- THE DATA
--------------------

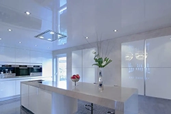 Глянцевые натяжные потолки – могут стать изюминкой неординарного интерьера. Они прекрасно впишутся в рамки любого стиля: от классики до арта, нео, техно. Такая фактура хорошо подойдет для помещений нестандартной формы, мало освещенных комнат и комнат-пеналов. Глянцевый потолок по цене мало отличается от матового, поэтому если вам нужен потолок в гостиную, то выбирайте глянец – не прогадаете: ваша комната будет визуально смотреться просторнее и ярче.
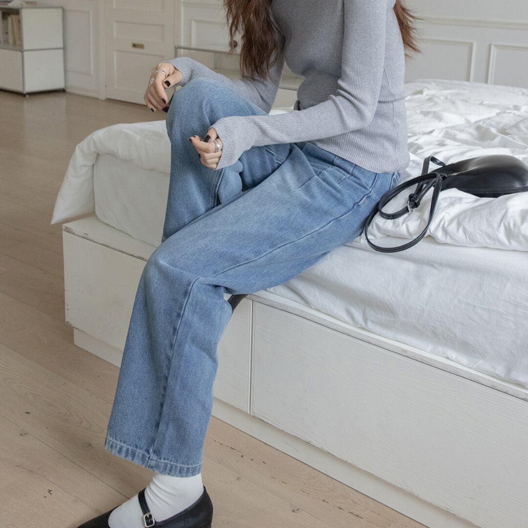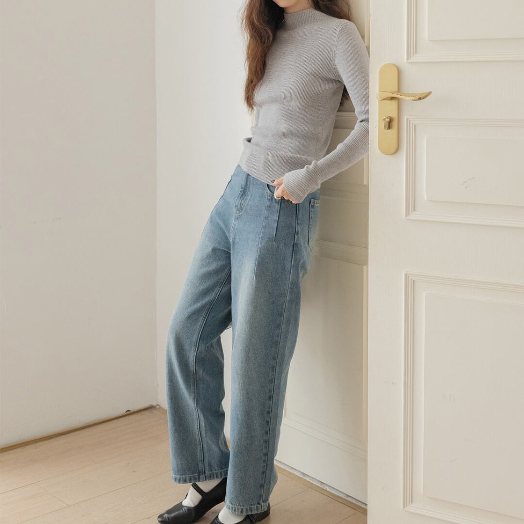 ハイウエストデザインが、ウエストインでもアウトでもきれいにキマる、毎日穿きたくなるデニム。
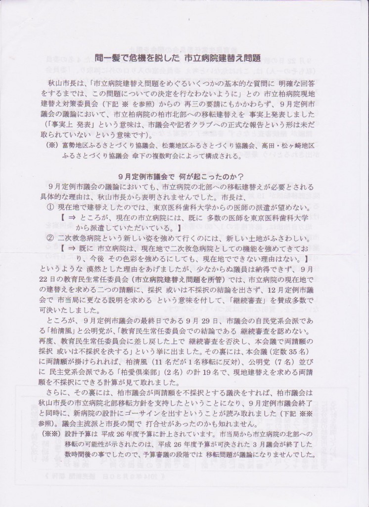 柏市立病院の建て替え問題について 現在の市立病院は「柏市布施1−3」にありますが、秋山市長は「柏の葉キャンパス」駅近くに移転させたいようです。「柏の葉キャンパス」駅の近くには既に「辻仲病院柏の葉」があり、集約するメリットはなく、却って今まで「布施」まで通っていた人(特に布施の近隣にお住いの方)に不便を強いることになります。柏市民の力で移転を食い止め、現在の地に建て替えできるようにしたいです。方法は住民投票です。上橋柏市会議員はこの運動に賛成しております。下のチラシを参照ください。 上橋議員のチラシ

--------------------

- PROBLEM STATEMENT
If the data includes images, omit them, and set down everything else exactly as above.

- TASK RESPONSE
 Глянцевые натяжные потолки – могут стать изюминкой неординарного интерьера. Они прекрасно впишутся в рамки любого стиля: от классики до арта, нео, техно. Такая фактура хорошо подойдет для помещений нестандартной формы, мало освещенных комнат и комнат-пеналов. Глянцевый потолок по цене мало отличается от матового, поэтому если вам нужен потолок в гостиную, то выбирайте глянец – не прогадаете: ваша комната будет визуально смотреться просторнее и ярче.
 ハイウエストデザインが、ウエストインでもアウトでもきれいにキマる、毎日穿きたくなるデニム。
 柏市立病院の建て替え問題について 現在の市立病院は「柏市布施1−3」にありますが、秋山市長は「柏の葉キャンパス」駅近くに移転させたいようです。「柏の葉キャンパス」駅の近くには既に「辻仲病院柏の葉」があり、集約するメリットはなく、却って今まで「布施」まで通っていた人(特に布施の近隣にお住いの方)に不便を強いることになります。柏市民の力で移転を食い止め、現在の地に建て替えできるようにしたいです。方法は住民投票です。上橋柏市会議員はこの運動に賛成しております。下のチラシを参照ください。 上橋議員のチラシ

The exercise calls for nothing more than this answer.